The electric-driven air pump is adapted to inflate an inflatable object and includes an outer housing unit, an electric-driven mechanism, and a piston mechanism. The outer housing unit includes a connecting seat, which includes a gas outlet section adapted to be connected to the inflatable object, and a cylinder having a cylinder chamber. The gas outlet section includes a valve-controlled air passage that is spatially communicated with the cylinder chamber. The electric-driven mechanism is mounted to the outer housing unit and includes a motor. The piston mechanism includes a driven piston, a threaded driving rod, and a guide pin. The driven piston is disposed in the cylinder chamber. The threaded driving rod is rotated by the motor, is connected to the driven piston in such a manner that rotation of the threaded driving rod drives reciprocal movement of the driven piston in the cylinder chamber, and is formed with a helical guide slot. The guide pin is fixed in the driven piston and extends into the helical guide slot. The motor is operable to rotate the threaded driving rod to drive reciprocal motion of the driven piston in the cylinder chamber, such that the guide pin moves along the helical guide slot.

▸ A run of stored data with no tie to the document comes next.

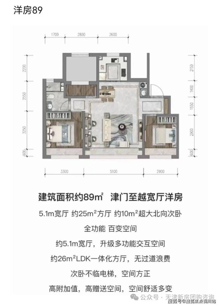89㎡:单价1.95-2.05万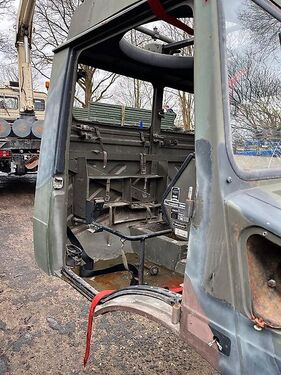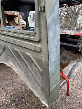 Zum Verlauf steht eine Unimog Kabine mit nahezu keinem Rost allerdings mit Dellen, da die Kabine beschossen wurde.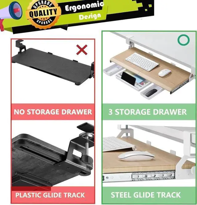 ERGONOMIC KEYBOARD TRAY: Its essential to have the right posture to protect your wrist, arms, neck, and shoulders when youre at your desk. An under desk keyboard tray promotes an optimal typing position. It ensures you sit safely and can protect against neck and shoulder pain, wrist strain, and even RSI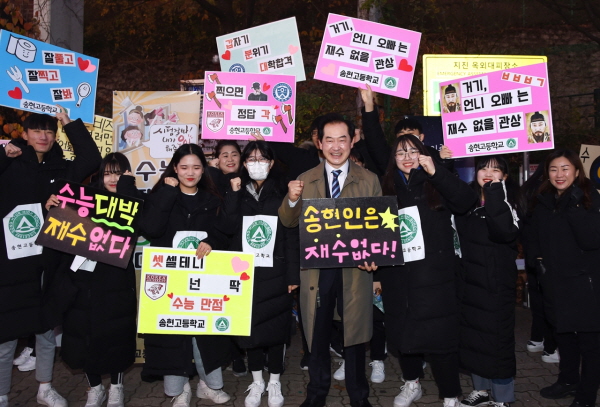 안병용 의정부시장은 관내 수능시험장을 찾아 선배들의 좋은 수능성적 결과를 기원하는 후배들과 함께 입실하는 수험생을 응원하고, 원활한 교통소통 및 질서유지를 위해 애쓰는 봉사자들을 격려했다.

BRIEF DESCRIPTION OF THE DRAWINGS

Other features and advantages of the disclosure will become apparent in the following detailed description of the embodiments with reference to the accompanying drawings, of which:

FIG. 1 is an exploded perspective view of a first embodiment of an electric-driven air pump according to the present disclosure;

FIG. 2 is a fragmentary sectional view of the first embodiment, illustrating a driven piston of the electric-driven air pump in its default position;

FIG. 3 is an enlarged fragmentary sectional view of an electric-driven mechanism of the first embodiment;

FIG. 4 is an enlarged fragmentary sectional view of a check valve of the first embodiment;

FIG. 5 is a sectional view taken along line V-V of FIG. 2;

FIG. 6 is a perspective schematic view of the first embodiment, illustrating the linkage between a threaded driving rod, a guide pin, and the electric-driven mechanism;

FIG. 7 is a fragmentary sectional view of the first embodiment, illustrating the driven piston in its pumping position;

FIG. 8 is a fragmentary sectional view of a second embodiment of the electric-driven air pump, illustrating the driven piston in its default position;

FIG. 9 is an exploded perspective view of the second embodiment;

FIG. 10 is a perspective view of the second embodiment, illustrating the linkage between the threaded driving rod, the guide pin and the electric-driven mechanism;

FIG. 11 is a schematic perspective view of a third embodiment of the electric-driven air pump;

FIG. 12 is an exploded perspective view of the third embodiment; and

FIG. 13 is a fragmentary sectional view of the third embodiment.

DETAILED DESCRIPTION

Before the disclosure is described in greater detail, it should be noted that where considered appropriate, reference numerals or terminal portions of reference numerals have been repeated among the figures to indicate corresponding or analogous elements, which may optionally have similar characteristics.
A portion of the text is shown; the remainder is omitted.